(DATA SECTION)

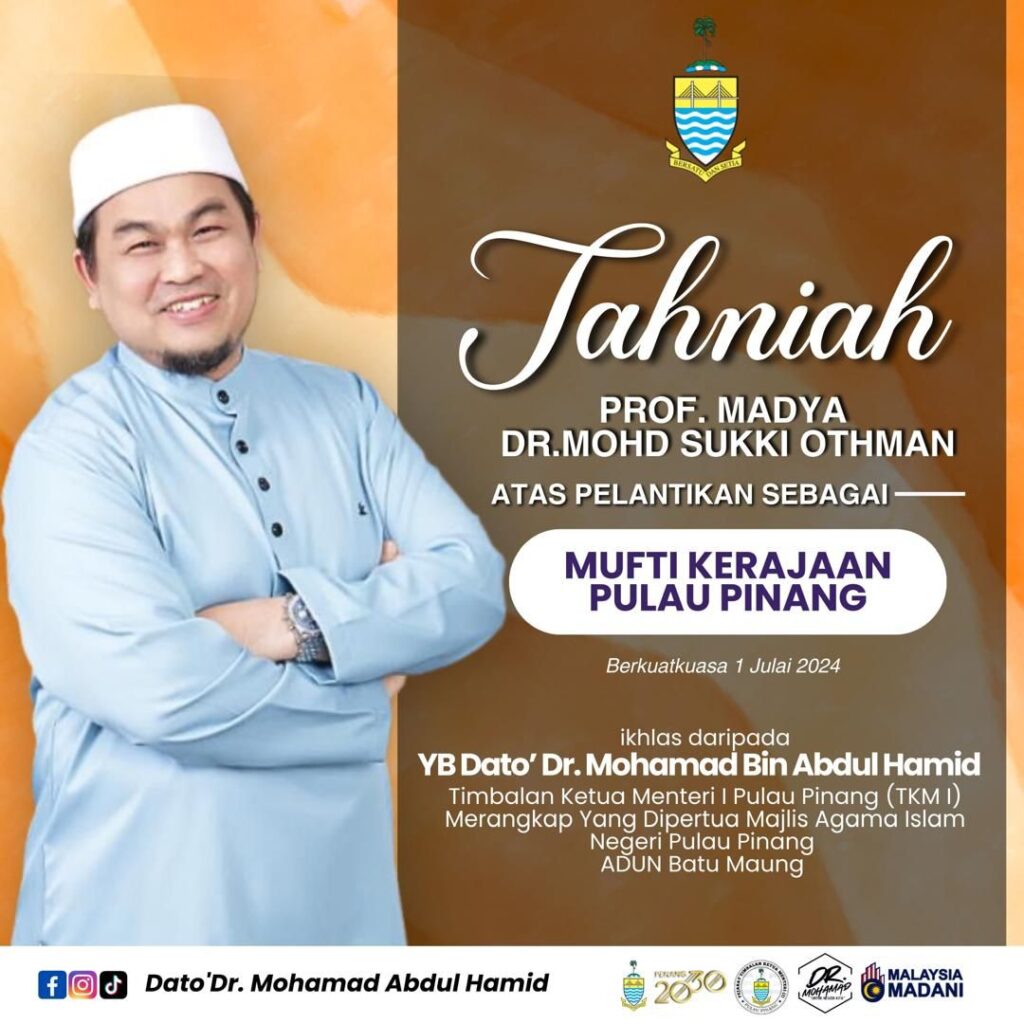 أعلن حكومة ولاية بينانغ في ماليزيا تعيين الأستاذ المساعد الدكتور محمد سوكي عثمان، عضو الاتحاد العالمي لعلماء المسلمين، مفتياً للولاية اعتباراً من 1 يوليو 2024. يتمتع الدكتور محمد سوكي عثمان بسجل حافل من الإنجازات الأكاديمية والخبرات الواسعة في مجاله، مما يجعله مؤهلاً لتولي هذا المنصب الرفيع.
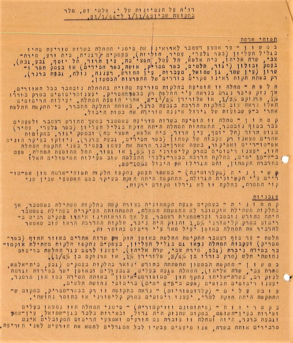 דו"ח של המדריכים החקלאיים שמואל מלר ויוסף פלטי על ניסיונות בגידול
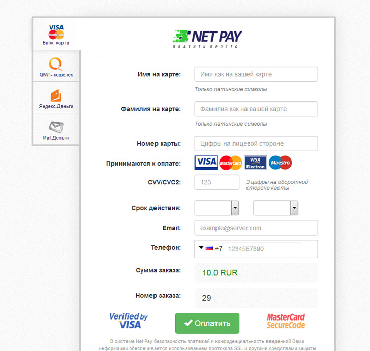 Net Pay — агрегатор, который работает с популярными платёжными системами — MasterCard, Maestro, Деньги@mail.ru, Яндекс.Деньги, WebMoney, Visa QIWI Wallet, Visa и Visa Electron.
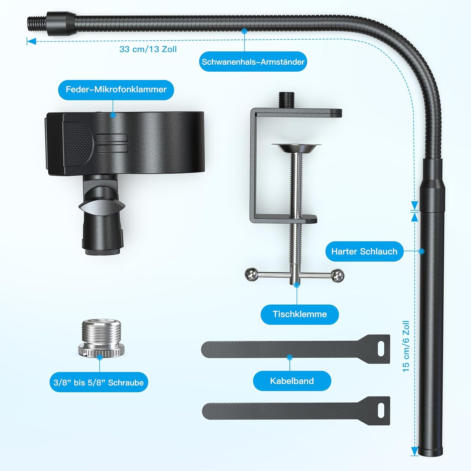 - 【Packungsinhalt】1 x 19-Zoll-Gänsehalsschwanz-Mikrofonarm, konstruiert mit hartem und weichem Schlauch, 1 x Aluminiumlegierung-Metall-Tischklemme, 1 x 3/8" auf 5/8" Metall-Schraubadapter. 1 x Verbesserter Mikrofonclip-Halter für Mikrofone mit
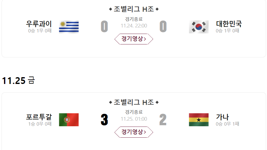 현대 대한민국 피파 랭킹은 28위, 가나는 61위입니다. 전력상 우리나라가 앞서 있는 것은 사실입니다. 그러나 손흥민 선수가 마스크를 착용하고 있고, 김민재 선수의 출전 여부 불투명, 황희찬 선수의 이탈 등 변수가 너무나 많습니다. 현재 카타르 월드컵은 이변이 속출하고 있는데요. 어제 피파랭킹 2위 벨기에가 모로코에 2대 0으로 지는 이변이 발생하였습니다.

(WHAT YOU NEED TO DO)
Starting at the first line of the data, set down each line exactly until you have copied the line with "Net Pay — агрегатор, который", but leave the pictures out.

(OUTPUT FOR THIS EXERCISE)
 أعلن حكومة ولاية بينانغ في ماليزيا تعيين الأستاذ المساعد الدكتور محمد سوكي عثمان، عضو الاتحاد العالمي لعلماء المسلمين، مفتياً للولاية اعتباراً من 1 يوليو 2024. يتمتع الدكتور محمد سوكي عثمان بسجل حافل من الإنجازات الأكاديمية والخبرات الواسعة في مجاله، مما يجعله مؤهلاً لتولي هذا المنصب الرفيع.
 דו"ח של המדריכים החקלאיים שמואל מלר ויוסף פלטי על ניסיונות בגידול
 Net Pay — агрегатор, который работает с популярными платёжными системами — MasterCard, Maestro, Деньги@mail.ru, Яндекс.Деньги, WebMoney, Visa QIWI Wallet, Visa и Visa Electron.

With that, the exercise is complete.